In the modern data landscape, traditional relational databases, which have long been the standard for structured data, are facing limitations. This is due to the exponential growth of data, the diversity of new data formats, and the need for high-performance, scalable solutions. As a result, a new class of databases known as nonrelational or NoSQL databases has emerged. These databases have become popular because they can handle the demands of modern web applications, real-time analytics, and large-scale distributed systems.

Nonrelational databases depart from the rigid, relational model and introduce new data models and storage mechanisms. They are designed to prioritize scalability, fault tolerance, and low-latency access. This allows organizations to effectively manage massive data volumes and support dynamic, evolving data requirements.

Nonrelational Database Concepts

Schema Flexibility: Unlike relational databases that require a predefined, strict schema, nonrelational databases have a flexible schema.
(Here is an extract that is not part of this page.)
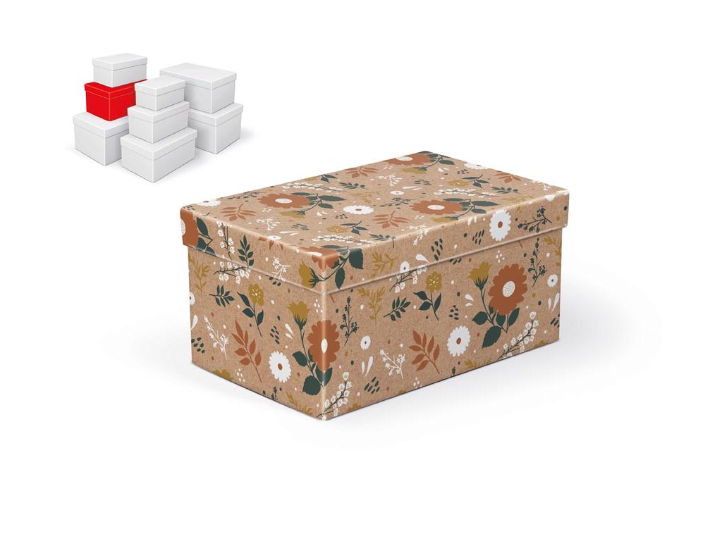 Celoročná darčeková krabica s rozmermi 22 x 14 x 11 cm NÁHODNÝ MIX Táto darčeková krabička v prírodnom štýle s decentným kvetinovým motívom je spojením elegancie a praktickosti. Skvele sa hodí na zabalenie drobného darčeka, uloženie spomienok alebo uschovanie maličkostí, ktoré si zaslúžia osobitnú pozornosť. Stačí vložiť jednu krabičku do košíka - celá sada sa pridá automaticky. Jednotlivé krabičky sa líšia veľkosťou i motívom, ale vďaka starostlivo zladeným farbám a vzorom tvoria vizuálne harmonický celok. Vyniknú spoločne, ale skvele fungujú aj samostatne. Materiál: 1,5 mm kartón, potiahnutý papierom s potlačou Set obsahuje tieto krabice: 5371265 Škatuľa darčeková B-C011-A 16x10x8 cm 5371266 Škatuľa darčeková B-C011-B 18x11x9 cm 5371267 Škatuľa darčeková B-C011-C 20x12x10 cm 5371268 Krabica darčeková B-C011-D 22x14x11 cm 5371269 Krabica darčeková B-C011-E 24x16x12 cm 5371270 Škatuľa darčeková B-C011-F 26x17x13 cm 5371271 Krabica darčeková B-C011-G 28x18x14 cm 5371272 Krabica darčeková B-C011-H 30x19x15 cm Uvedená cena je za 1 ks.Dodatočné parametre

This allows them to store and accommodate data with varying and evolving structures.
Data Models: Nonrelational databases support a variety of data models, each optimized for specific use cases:
- Document Stores: Store data in flexible, semi-structured documents (e.g., JSON), ideal for complex data.
- Key-Value Stores: Store data as simple key-value pairs, making them highly efficient for quick reads and writes.
- Column-Family Stores: Organize data into column families, perfect for analytical and warehousing scenarios.
- Graph Databases: Focus on the relationships between data entities, making them suitable for interconnected data.
Scalability: Nonrelational databases are designed for horizontal scalability, distributing data across multiple servers. They can handle massive datasets and high concurrent traffic through techniques like sharding and replication.
High Availability and Fault Tolerance: Many nonrelational databases are built to handle hardware failures and network issues without compromising data integrity or accessibility.

BASE Principles

The BASE acronym, which stands for “Basically Available, Soft state, Eventually consistent”, is an alternative approach to data consistency that nonrelational databases often adopt. It contrasts with the strict ACID properties of relational databases and is suited for large-scale, distributed systems where availability and scalability are critical.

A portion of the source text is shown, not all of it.